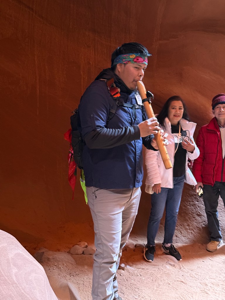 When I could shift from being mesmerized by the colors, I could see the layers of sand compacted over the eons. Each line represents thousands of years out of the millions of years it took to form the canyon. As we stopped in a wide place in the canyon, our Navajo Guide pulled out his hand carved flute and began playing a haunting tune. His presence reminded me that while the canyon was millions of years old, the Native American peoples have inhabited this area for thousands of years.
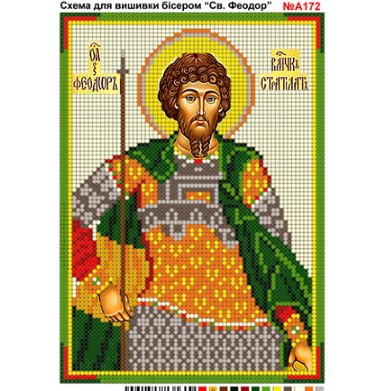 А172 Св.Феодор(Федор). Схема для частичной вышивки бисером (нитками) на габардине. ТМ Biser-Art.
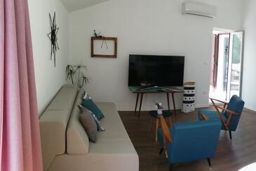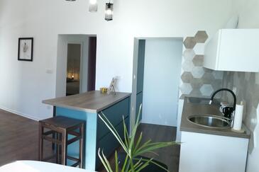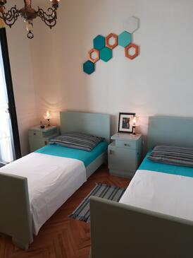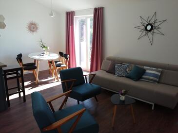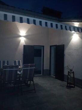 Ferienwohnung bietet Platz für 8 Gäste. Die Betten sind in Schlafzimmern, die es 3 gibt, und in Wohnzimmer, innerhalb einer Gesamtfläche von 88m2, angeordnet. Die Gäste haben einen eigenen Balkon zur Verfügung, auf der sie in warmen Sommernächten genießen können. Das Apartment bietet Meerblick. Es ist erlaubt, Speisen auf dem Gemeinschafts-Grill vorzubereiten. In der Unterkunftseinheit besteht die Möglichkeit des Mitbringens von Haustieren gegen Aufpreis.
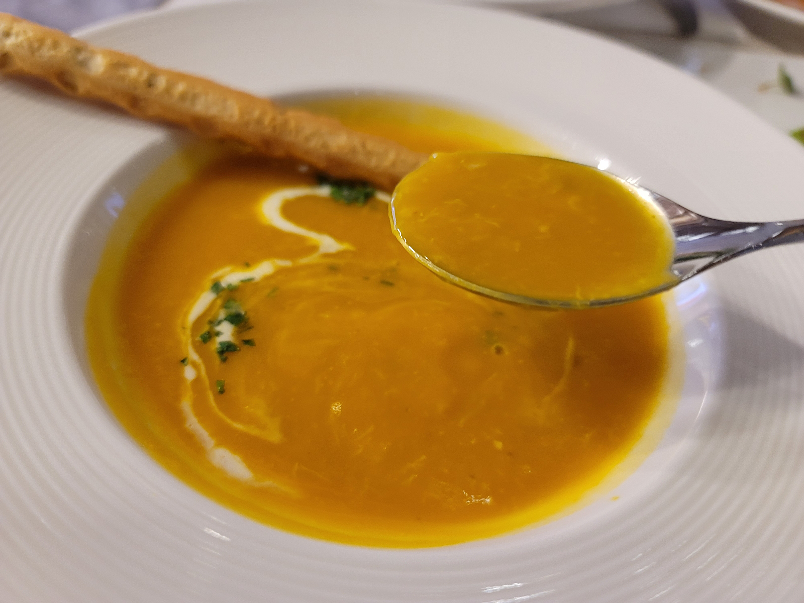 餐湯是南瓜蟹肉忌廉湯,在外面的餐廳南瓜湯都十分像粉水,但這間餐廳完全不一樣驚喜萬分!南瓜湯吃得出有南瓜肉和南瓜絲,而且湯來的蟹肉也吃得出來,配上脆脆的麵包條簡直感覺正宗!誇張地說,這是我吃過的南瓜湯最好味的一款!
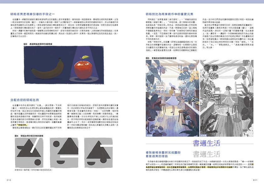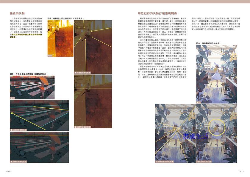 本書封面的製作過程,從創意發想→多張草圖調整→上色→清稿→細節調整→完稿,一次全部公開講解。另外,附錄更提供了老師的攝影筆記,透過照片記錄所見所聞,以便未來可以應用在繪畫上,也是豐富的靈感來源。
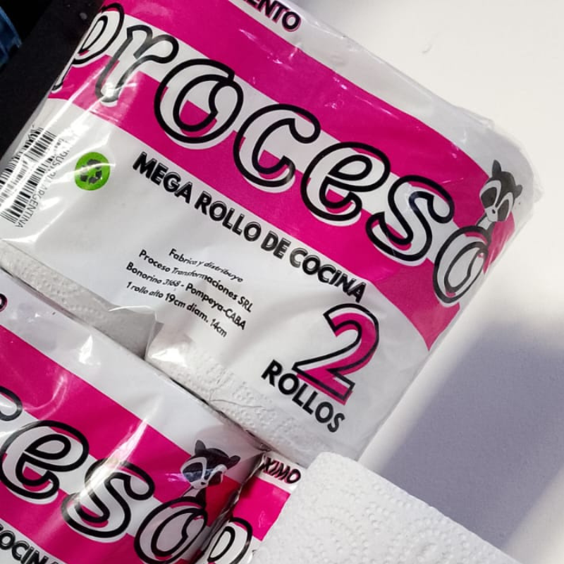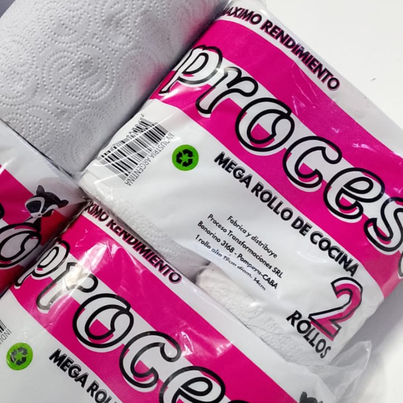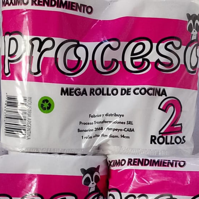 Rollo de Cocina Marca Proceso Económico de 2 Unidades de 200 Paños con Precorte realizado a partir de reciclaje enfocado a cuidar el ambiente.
^^^^^^^^^^^^^^^^
Task goal: Across all the lines above, repeat the wording exactly and omit the pictures.

Response to the exercise:
 When I could shift from being mesmerized by the colors, I could see the layers of sand compacted over the eons. Each line represents thousands of years out of the millions of years it took to form the canyon. As we stopped in a wide place in the canyon, our Navajo Guide pulled out his hand carved flute and began playing a haunting tune. His presence reminded me that while the canyon was millions of years old, the Native American peoples have inhabited this area for thousands of years.
 А172 Св.Феодор(Федор). Схема для частичной вышивки бисером (нитками) на габардине. ТМ Biser-Art.
 Ferienwohnung bietet Platz für 8 Gäste. Die Betten sind in Schlafzimmern, die es 3 gibt, und in Wohnzimmer, innerhalb einer Gesamtfläche von 88m2, angeordnet. Die Gäste haben einen eigenen Balkon zur Verfügung, auf der sie in warmen Sommernächten genießen können. Das Apartment bietet Meerblick. Es ist erlaubt, Speisen auf dem Gemeinschafts-Grill vorzubereiten. In der Unterkunftseinheit besteht die Möglichkeit des Mitbringens von Haustieren gegen Aufpreis.
 餐湯是南瓜蟹肉忌廉湯,在外面的餐廳南瓜湯都十分像粉水,但這間餐廳完全不一樣驚喜萬分!南瓜湯吃得出有南瓜肉和南瓜絲,而且湯來的蟹肉也吃得出來,配上脆脆的麵包條簡直感覺正宗!誇張地說,這是我吃過的南瓜湯最好味的一款!
 本書封面的製作過程,從創意發想→多張草圖調整→上色→清稿→細節調整→完稿,一次全部公開講解。另外,附錄更提供了老師的攝影筆記,透過照片記錄所見所聞,以便未來可以應用在繪畫上,也是豐富的靈感來源。
 Rollo de Cocina Marca Proceso Económico de 2 Unidades de 200 Paños con Precorte realizado a partir de reciclaje enfocado a cuidar el ambiente.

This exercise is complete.